### [Dataset records]
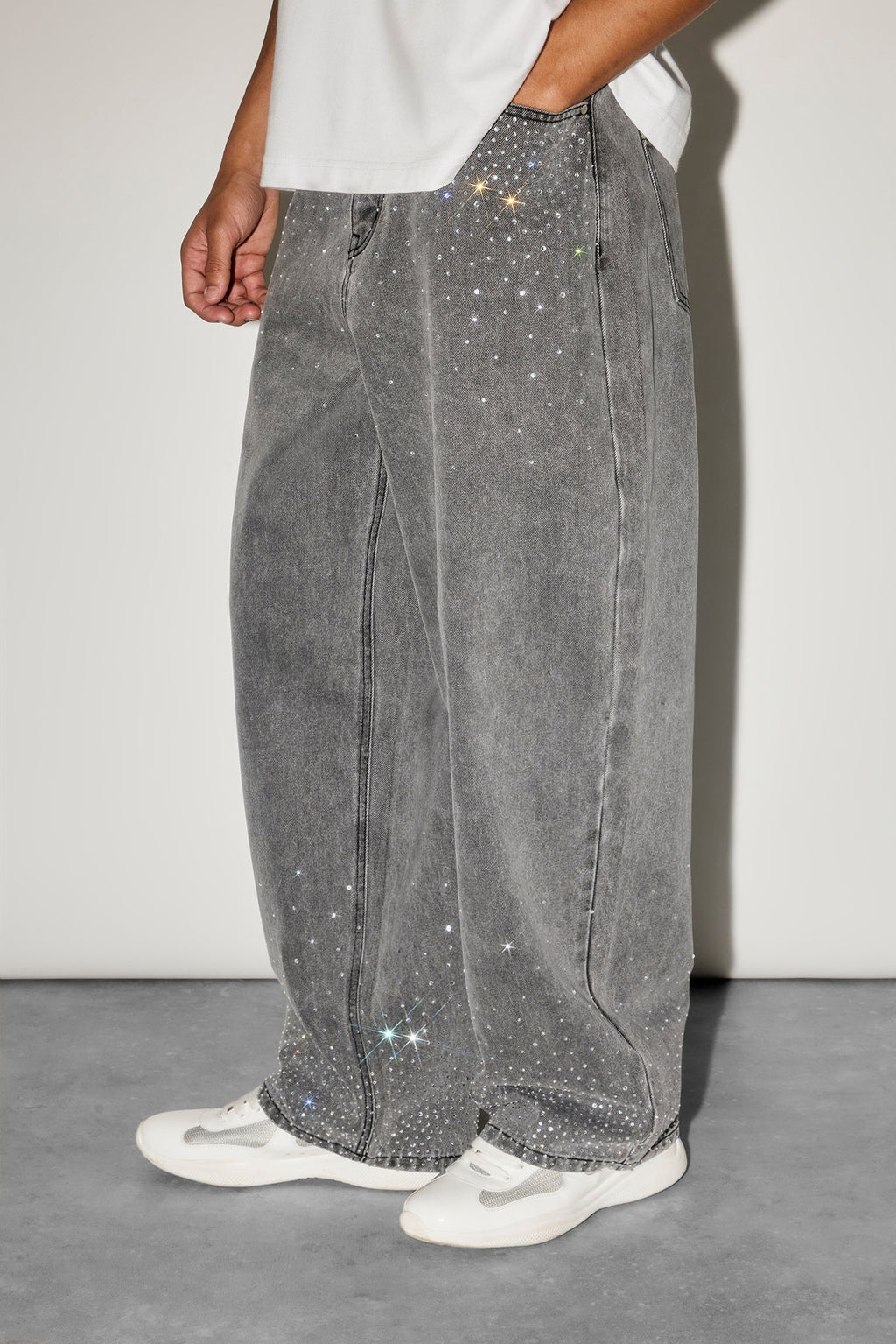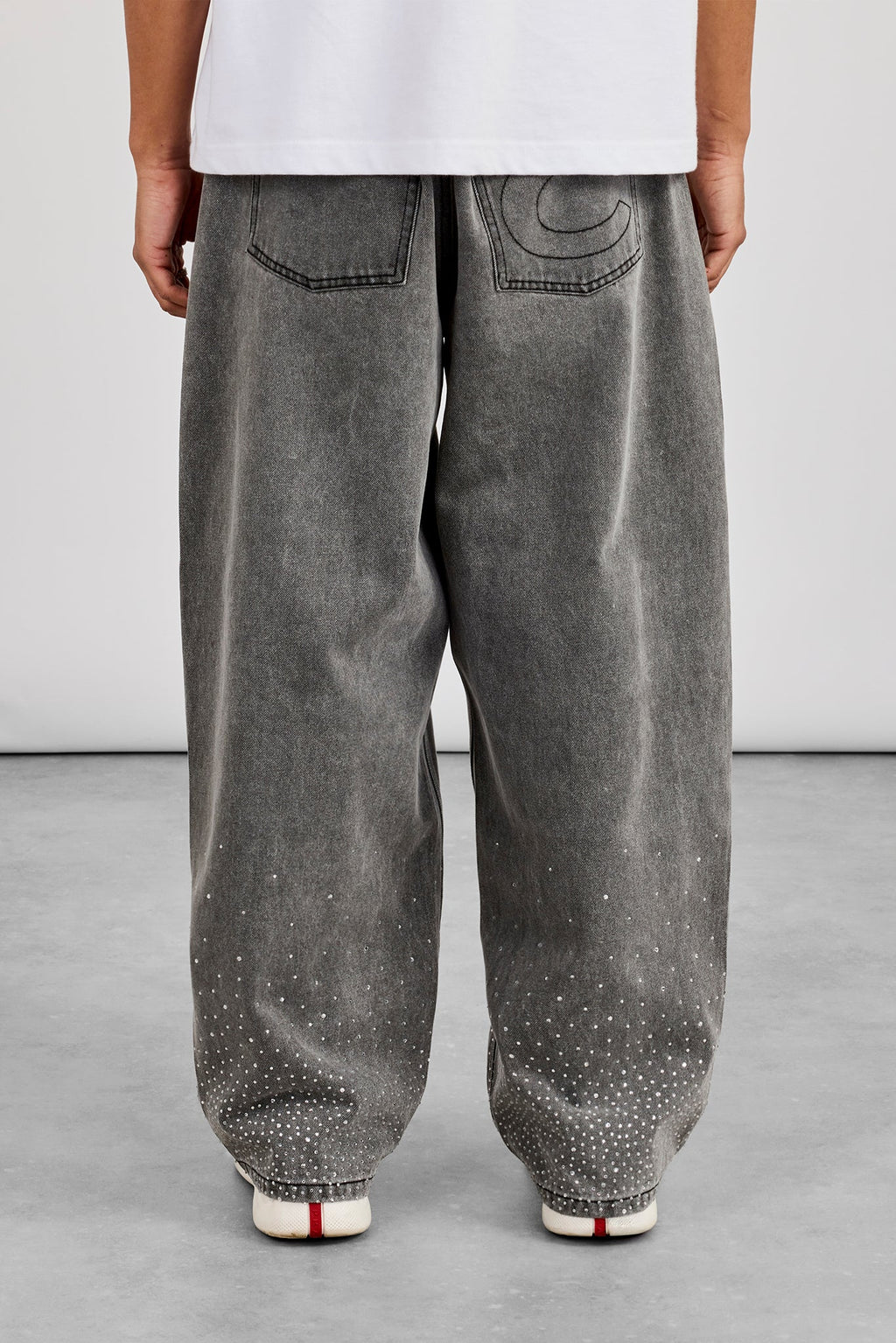Rhinestone detail jeans in washed grey. Super baggy fit in cotton rigid denim finished with branded trims.
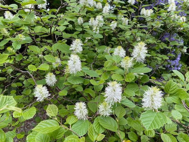 Attributes: Deciduous. Small growing selection with sweetly fragrant white flowers. Yellow, orange and red fall foliage. This selection has blue-green leaves.
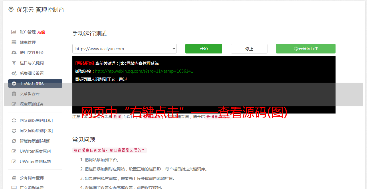 优采云采集器不需要通过URL规则直接进入内容采集,所以可以根据网站的难度决定采集是否选择目标源,而是等URL@之后采集发现网站你不能选或者不值得你浪费时间(之前的时间没用!)。
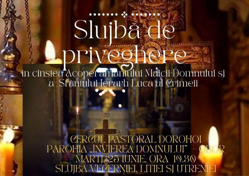 Marți, 25 iunie, ora 19.00, Slujba de Priveghere în cinstea Acoperământului Maicii Domnului și a Sf. Ier. Luca al Crimeii, la Biserica „Învierea Domnului” – OBOR.
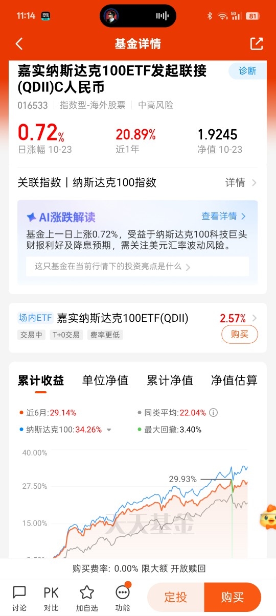 近期美股三大指数接连创下历史新高,科技股表现强力,主要受益于人工智能相关股票的强劲表现推动,纳斯达克100指数上周累计上涨2.18%,科技板块在市场处于领先位置。$嘉实纳斯达克100ETF发起联接(QDII)C人民币$ 单日额度5000市场最高,它聚焦的就是纳斯达克100指数,覆盖苹果、微软这些美股科技龙头企业,近六个月涨幅29.14%业绩表现不错,在当前科技股持续走强的形势下值得期待。
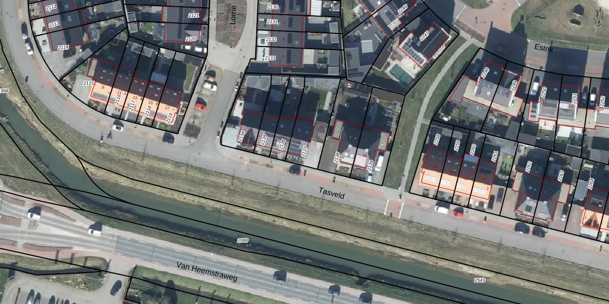 Gebruik de zoekbalk of klik op een perceel om informatie over het perceel te bekijken.
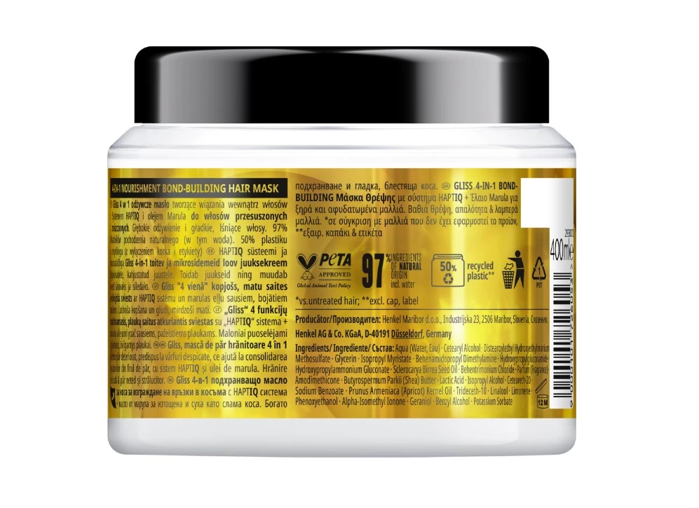 Acest tratament de par Gliss cu sistemul HAPTIQ creeaza microlegaturi si intareste firul de par, reducand deteriorarea acestuia. Pentru rezultate excelente vizibile. Cu un parfum bogat si senzual. 97% din ingrediente sunt de origine naturala.* Produsele pentru par Gliss sunt aprobate de PETA**. Corpul borcanului este fabricat din 50% plastic reciclat***.
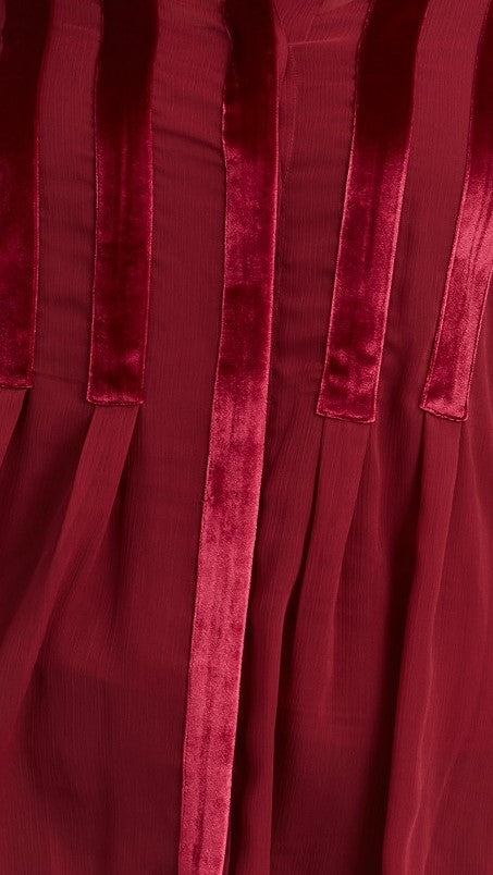 Model is wearing a size 2X|Crewneck; front button closures|Velvet trim throughout|Long sheer sleeves|Shell, sleeves, trim, lining: polyester|Machine washable
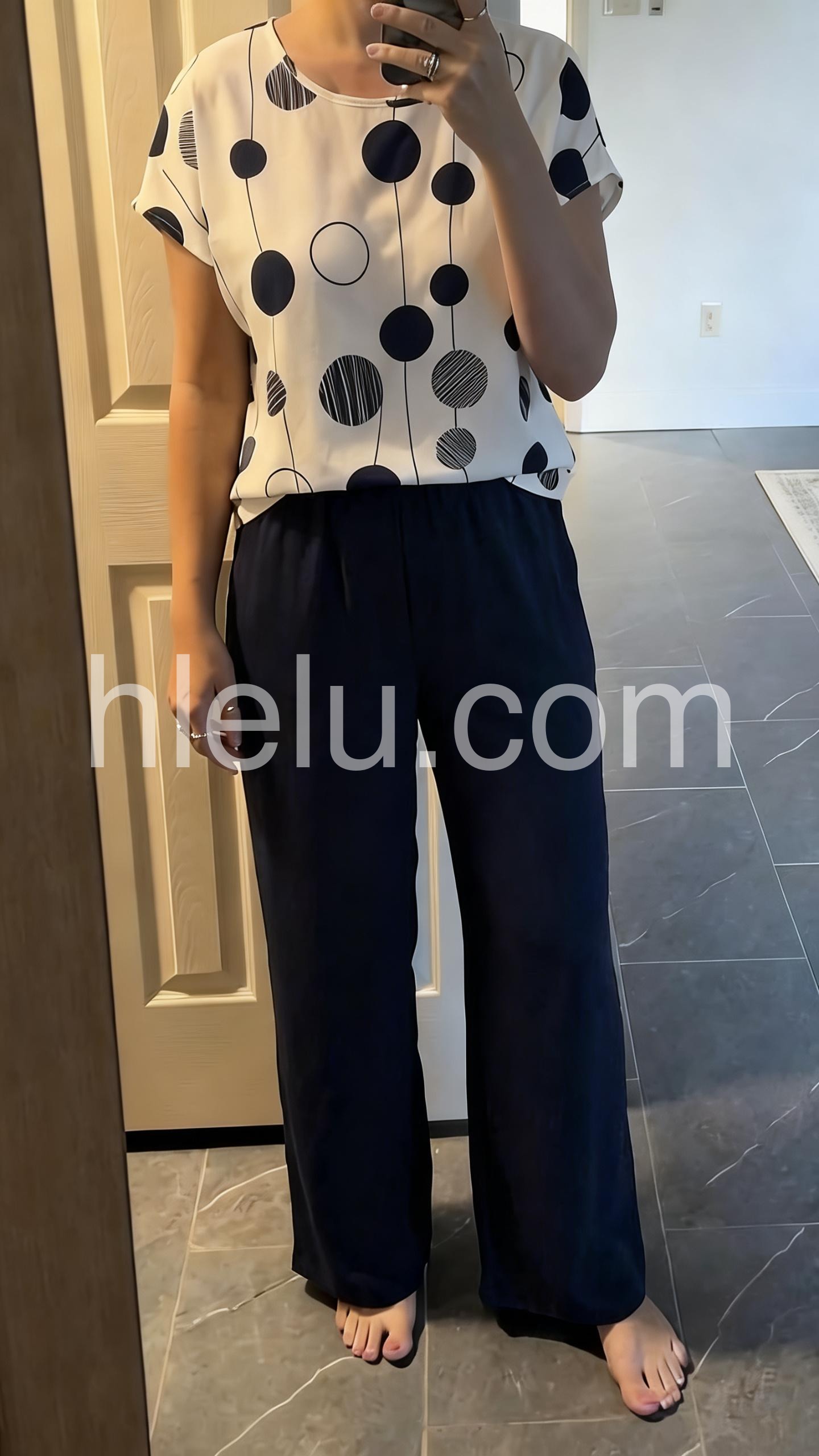 This coordinated outfit features a white top with abstract navy polka dots and relaxed fit. Paired with high-waisted, wide-leg navy pants for a chic silhouette. Lightweight and comfortable for everyday wear. Perfect for casual outings or warm-weather style. Effortlessly stylish with a minimalist touch.
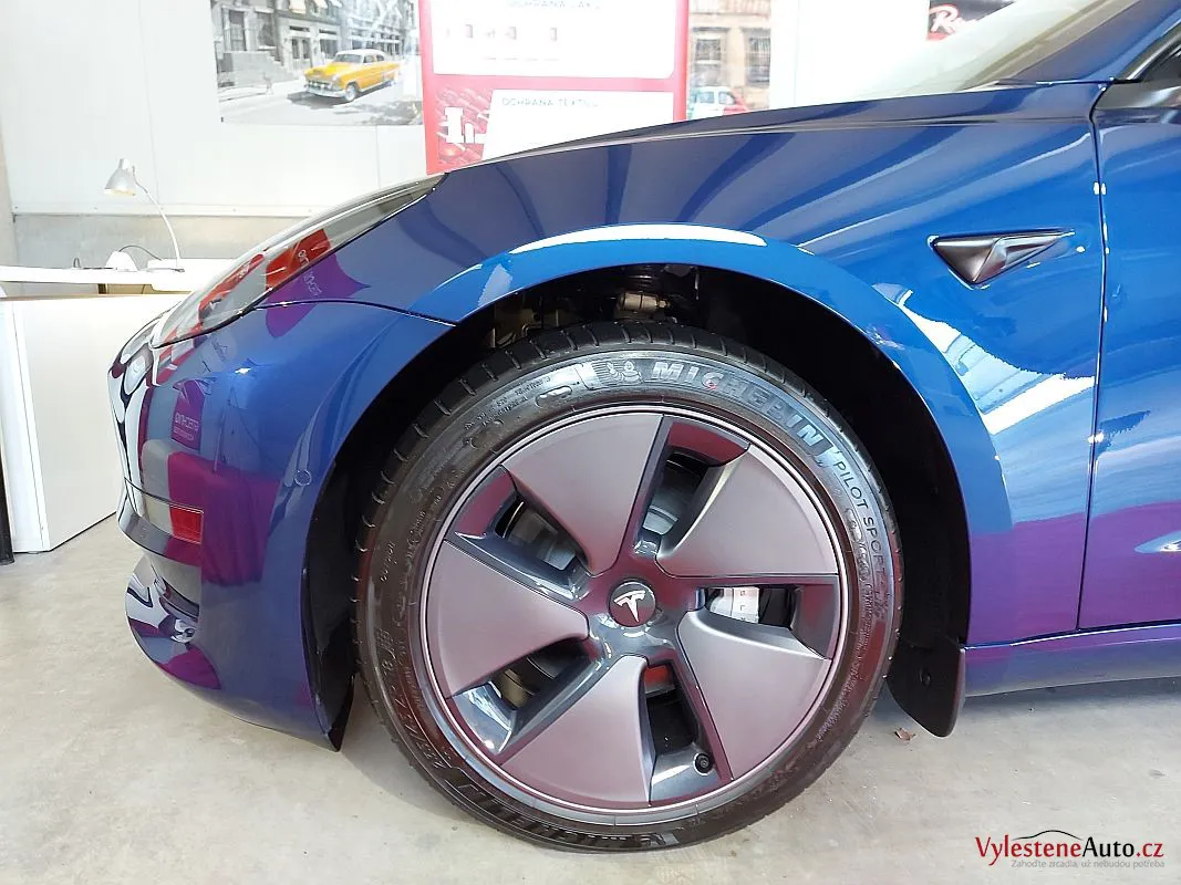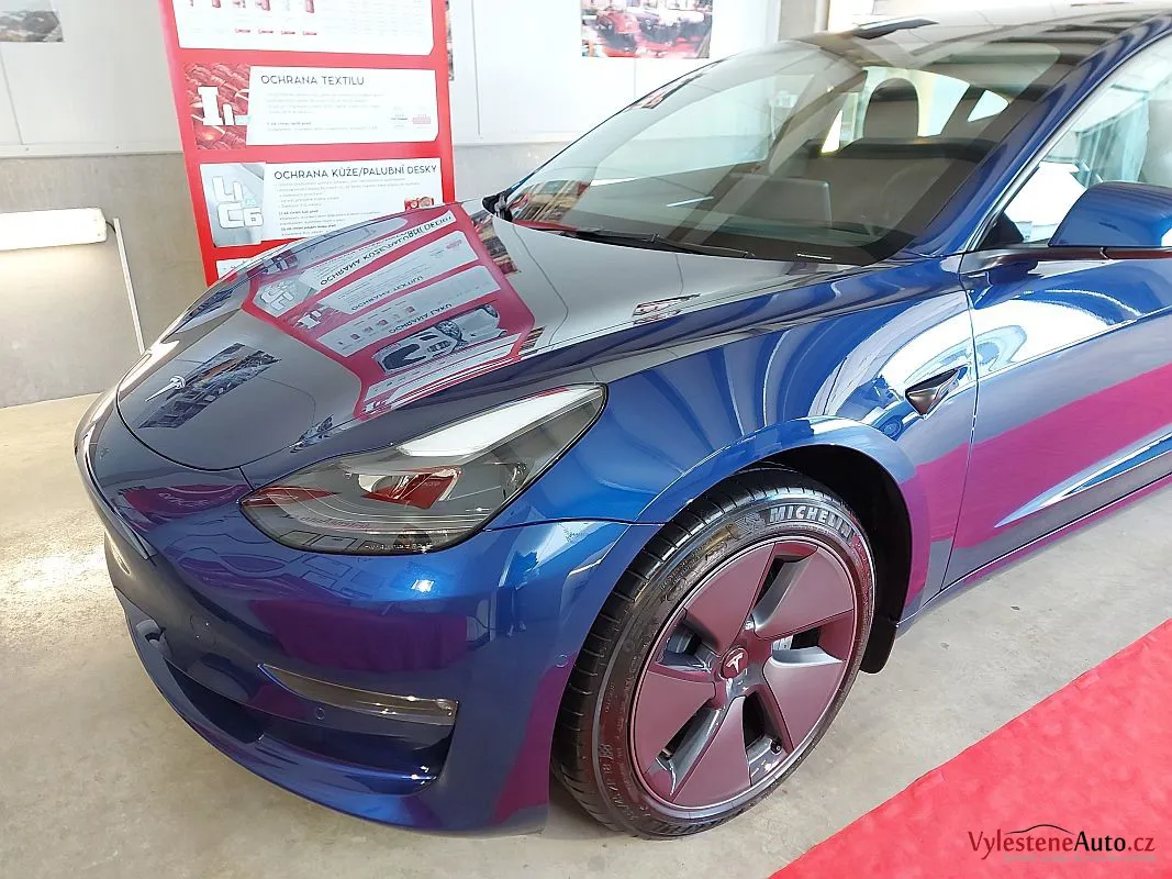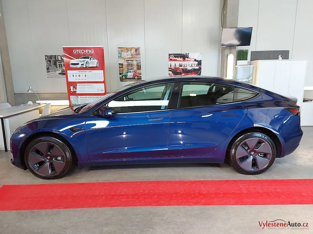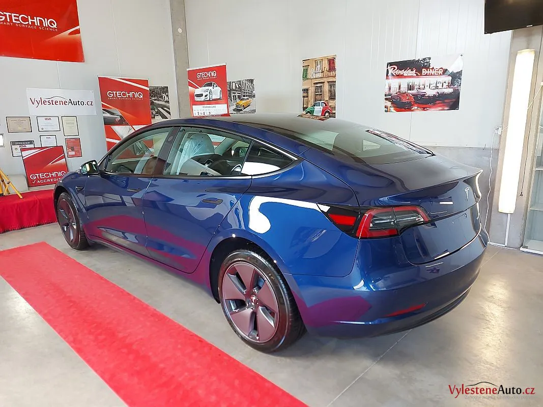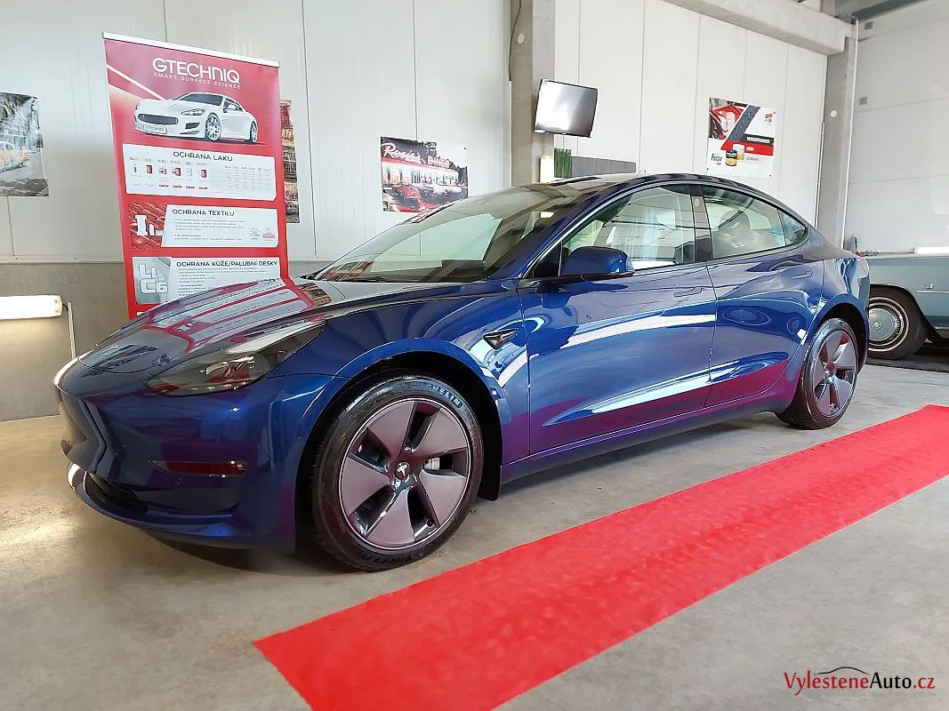 Krásně modrá Tesla Model 3 po pečlivé dekontaminaci, vícekrokovém leštění laku a komplexní nanokeramické ochraně karoserie.

### [What this task involves]
Omit every picture while copying the listing above exactly.

### [Exercise solution]
Rhinestone detail jeans in washed grey. Super baggy fit in cotton rigid denim finished with branded trims.
 Attributes: Deciduous. Small growing selection with sweetly fragrant white flowers. Yellow, orange and red fall foliage. This selection has blue-green leaves.
 优采云采集器不需要通过URL规则直接进入内容采集,所以可以根据网站的难度决定采集是否选择目标源,而是等URL@之后采集发现网站你不能选或者不值得你浪费时间(之前的时间没用!)。
 Marți, 25 iunie, ora 19.00, Slujba de Priveghere în cinstea Acoperământului Maicii Domnului și a Sf. Ier. Luca al Crimeii, la Biserica „Învierea Domnului” – OBOR.
 近期美股三大指数接连创下历史新高,科技股表现强力,主要受益于人工智能相关股票的强劲表现推动,纳斯达克100指数上周累计上涨2.18%,科技板块在市场处于领先位置。$嘉实纳斯达克100ETF发起联接(QDII)C人民币$ 单日额度5000市场最高,它聚焦的就是纳斯达克100指数,覆盖苹果、微软这些美股科技龙头企业,近六个月涨幅29.14%业绩表现不错,在当前科技股持续走强的形势下值得期待。
 Gebruik de zoekbalk of klik op een perceel om informatie over het perceel te bekijken.
 Acest tratament de par Gliss cu sistemul HAPTIQ creeaza microlegaturi si intareste firul de par, reducand deteriorarea acestuia. Pentru rezultate excelente vizibile. Cu un parfum bogat si senzual. 97% din ingrediente sunt de origine naturala.* Produsele pentru par Gliss sunt aprobate de PETA**. Corpul borcanului este fabricat din 50% plastic reciclat***.
 Model is wearing a size 2X|Crewneck; front button closures|Velvet trim throughout|Long sheer sleeves|Shell, sleeves, trim, lining: polyester|Machine washable
 This coordinated outfit features a white top with abstract navy polka dots and relaxed fit. Paired with high-waisted, wide-leg navy pants for a chic silhouette. Lightweight and comfortable for everyday wear. Perfect for casual outings or warm-weather style. Effortlessly stylish with a minimalist touch.
 Krásně modrá Tesla Model 3 po pečlivé dekontaminaci, vícekrokovém leštění laku a komplexní nanokeramické ochraně karoserie.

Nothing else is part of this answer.